The hard work is not the model. The hard work is the graph - assembling Slack, GitHub, Linear, ADRs, Confluence, and your service catalog into a single connected structure where the relationships are explicit and current. Once that exists, the agent is just a query interface. The model is interchangeable. The graph is not.
01
Treat onboarding as a retrieval problem, not a documentation problem
The information already exists, scattered across Slack, PRs, tickets, and ADRs. Writing more documents doesn't make the information findable. Making the information traversable does.
02
Use the identity source you already have
ServiceNow, Workday, SharePoint, BambooHR - some catalog already knows who this person is, what team they're on, and what they're being hired to do. Read from it. Don't ask the new hire to tell the agent what team they're on.
03
Build the graph before the agent
An agent over no graph is a chatbot that confidently hallucinates. A graph with no agent is a database nobody queries. The graph is the moat, the agent is the surface. Build them in that order.
04
Scope retrieval by role at query time, not by index
One graph, many roles. Scoping at query time means an SRE and a backend dev see different views of the same connected truth. Indexing per role multiplies your storage cost and creates parallel realities you'll have to reconcile later.
05
Surface provenance in every answer
The Slack thread, the PR number, the ADR, the owner. Every agent response should let the new hire click through to the source. Without provenance, the agent is a black box. With it, the agent becomes a trusted index over the company's actual decision history.
06
Provision reactively from the identity source, not from a static playbook
Playbooks assume you know what every new hire needs.

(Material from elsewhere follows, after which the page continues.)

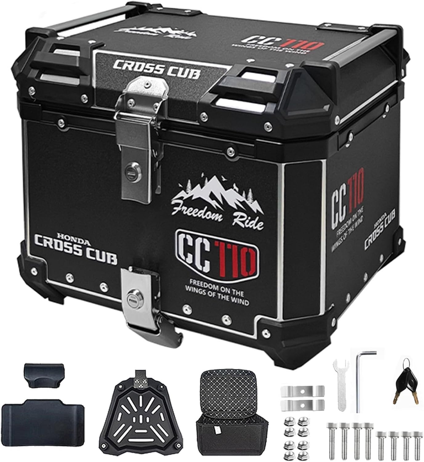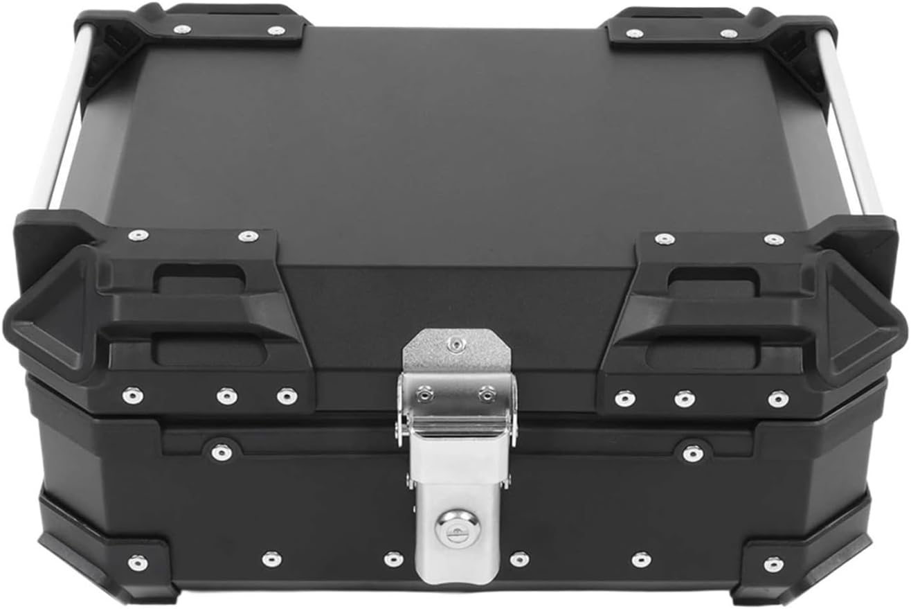 Motorcycle Top Case With Backrest, Aluminum Motorcycle Trunk Tail Box With Security Lock Large Luggage Helmet Box Universal Base Outdoor Scooter Storage Box(Black,55L)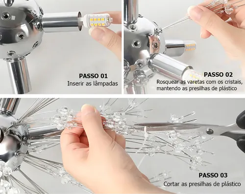Conta com o acabamento prata e cristais que trazem elegância e sofisticação ao ambiente. Ideal para sala de estar e jantar, quarto, hall de entrada, recepções, salão de festas, etc.

Identity sources tell you. Provisioning driven by the employee catalog adapts to role, team, and function changes without anyone updating a checklist.
07
Constrain the model to retrieval and synthesis
The agent is not a pair programmer, not a mentor, not a code reviewer. The agent is a context layer. Keeping the scope tight is what keeps the answers honest. The buddy and the senior engineer still exist - they just have less scavenger hunting to do.
08
Measure the right outcome
The metric isn't "questions asked of the agent" or "documents indexed." The metric is "time to first PR" and "buddy interruption rate." The first measures the new hire's velocity. The second measures whether the friction is actually gone or just relocated.
The goal isn't a smarter onboarding chatbot. The goal is a new hire who, within their first week, can answer "why does this service work this way and what's the open work on it" without scheduling a meeting, opening Confluence, or paging a senior engineer. Build toward that outcome directly. Everything else is decoration.